Le rap de Flynt, lui, est voulu comme intemporel, pendant que les autres font de la musique “du moment” qui sera sortie des esprits dans 6 mois. Ce qui compte, c’est la fameuse première semaine de vente, et ça c’est accentué aujourd’hui. D’où ses paroles militantes : “Je dis que l’avenir de cette musique doit revenir aux amateurs, il faut la reprendre des mains d’un programmateur, ta playlist est truffée de mauvaises prestations, des pickpockets sont susceptibles d’agir dans cette station”. Avec un joli double sens du mot “station”, et une référence au message diffusé dans certaines stations de métro parisiennes. Comme au début de son premier couplet: “l’île de France est une carotte parce qu’il y a pas la mer”. Toujours un petit jeu de mot glissé quelque part, un double sens, une opposition (“peuple malade”, et politiciens qui “soignent leurs réputations”), une inversion (noie le poisson dans la plaie, remue le couteau dans l’eau), des références, bref, Flynt aime faire du beau rap, technique, qui rime, avec des figures de style, des messages : du rap pour écouter avec son cerveau.
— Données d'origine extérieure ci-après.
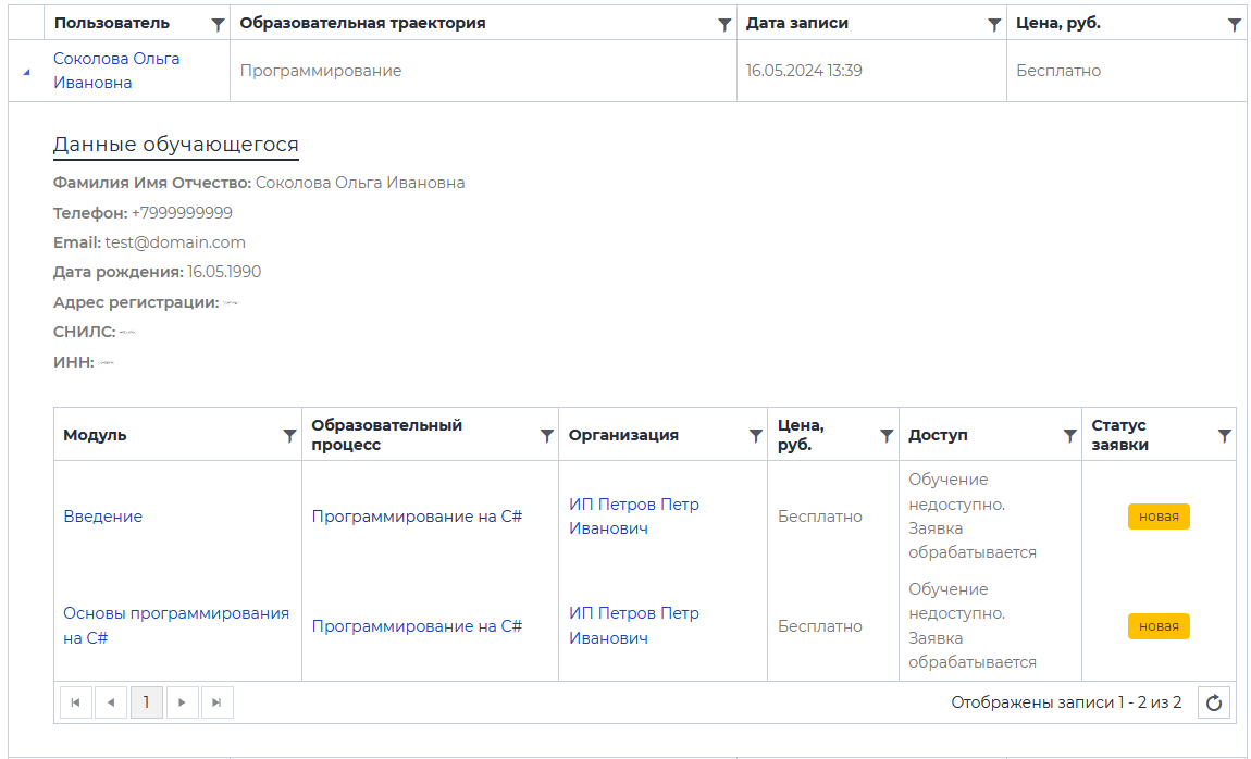 Все заявки на программы и модули
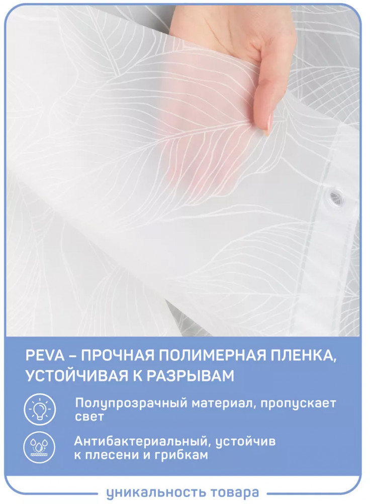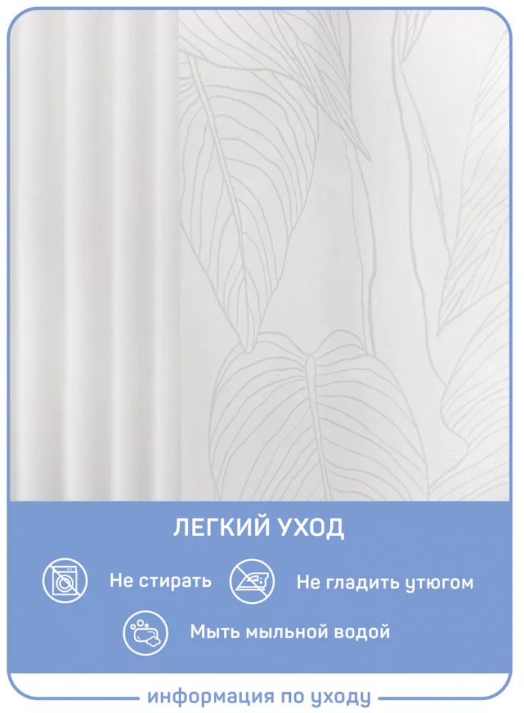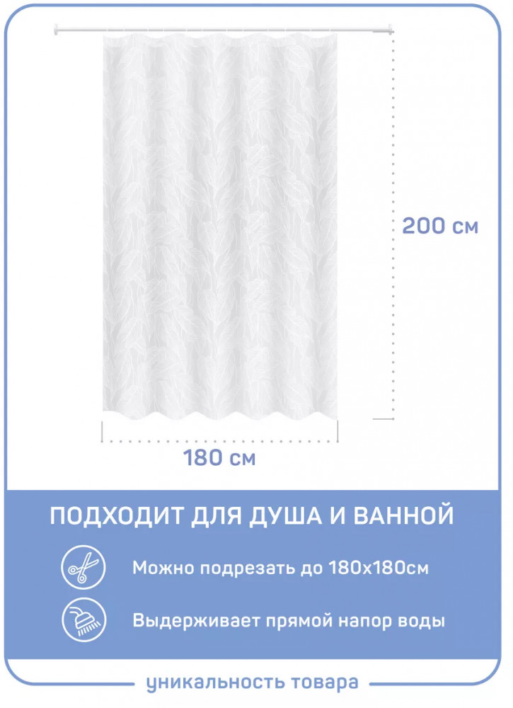 💳 Оплатить за товар можно при получении 🇰🇿 Есть бесплатная доставка по Казахстану от 1 дня 🎁 Копите бонусы с каждой покупки Штора для ванной комнаты, материал PEVA, размером 180×200 см (Увеличенная высота 200 см и ширина 180 см). Водонепроницаемая и водоотталкивающая. Прозрачная фурнитура — кольца и люверсы. Не ржавеют. Полупрозрачная пленка с нанесенным белым рисунком листьев пропускает свет в ванну и смотрится легко в самом маленьком помещении, не стоит колом. Безопасна для здоровья, не плесневеет, легко моется мыльным раствором. Можно подрезать под любой размер. PEVA — прочная виниловая пленка (как клеенка, но лучше), позволяющая наносить любые принты и устойчивая к разрыву. Пластиковая занавеска пропускает в душ свет, но не показывает лишнего. Защищена от плесени и грибка. Не содержат ПВХ и хлора, не пахнет, не выделяет токсичных веществ под воздействием пара и высоких температур. Занавес максимально износостойкий и очень прочный. Надежно защищает от прямого напора воды и брызг. Антигрибковое покрытие делают декор для ванной долговечным. Занавески для душа полностью непромокаемая, защищает от потоков воды любой силы. Разглаживается от горячей воды и пара. Прозрачные люверсы и кольца из пластика не выделяются. Занавеска для ванной служит надежной перегородкой от брызг в ванной комнате, душе. |
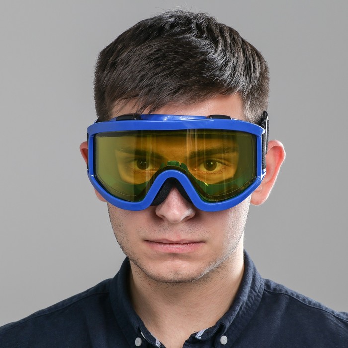 Очки-маска для езды на мототехнике, стекло двухслойное желтое, синие — Характеристики
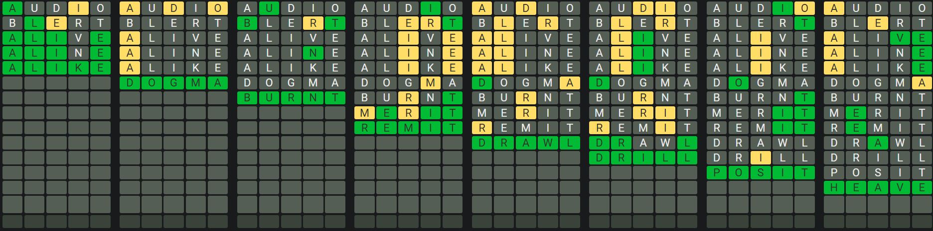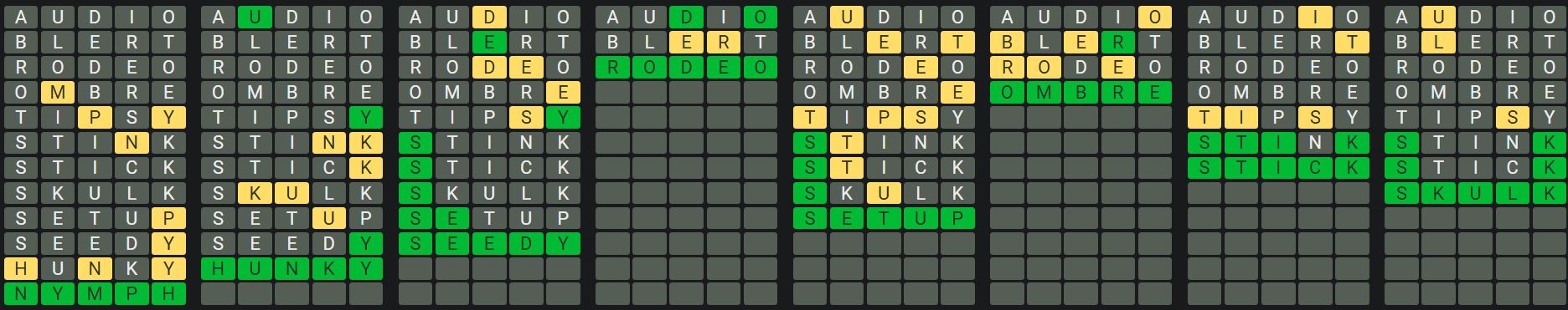 The Sequence Mode is similar to the original Octordle game with the following changes.
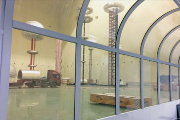 高壓局放試驗(yàn)大廳控制室可采用我單位設(shè)計(jì)的曲面觀察窗,樣式美觀,觀察范圍無(wú)任何死角

Flynt s’engage jusque dans son rap, en montrant à tout le monde que ça n’est pas parce qu’on vient des quartiers, qu’on fait du rap, qu’on est forcément un mec qui ne comprend rien, ou ne s’intéresse pas aux enjeux qui nous concernent. Au contraire, si on choisit de ne pas jouer le jeu de cette société française, c’est parce qu’on a compris que les cartes étaient truquées dès le départ. Flynt va donc essayer de survivre en faisant le bien autour de soi, appeler les frères à se réveiller et à s’entre-aider, pour s’élever. Cet appel est passé de manière apaisante et non violente : “y a plein de raisons de dire que c’est hardcore ici, mais je n’admire ni la violence ni ceux qui la glorifient, qu’elle soit physique ou morale, mafieuse ou policière, racailleuse, sociale ou raciste elle prolifère”. Cette société de la violence, Flynt la rejette, sous toutes ses formes, car la violence appelle la violence, c’est bien connu. A l’écoute de ce morceau, on comprend mieux pourquoi il a marqué tous les rappeurs parisiens : le MC est sincère, authentique, et il rappe avec une maîtrise rarement égalée depuis des choses qui touchent les gens. Et c’est donc forcément un classique.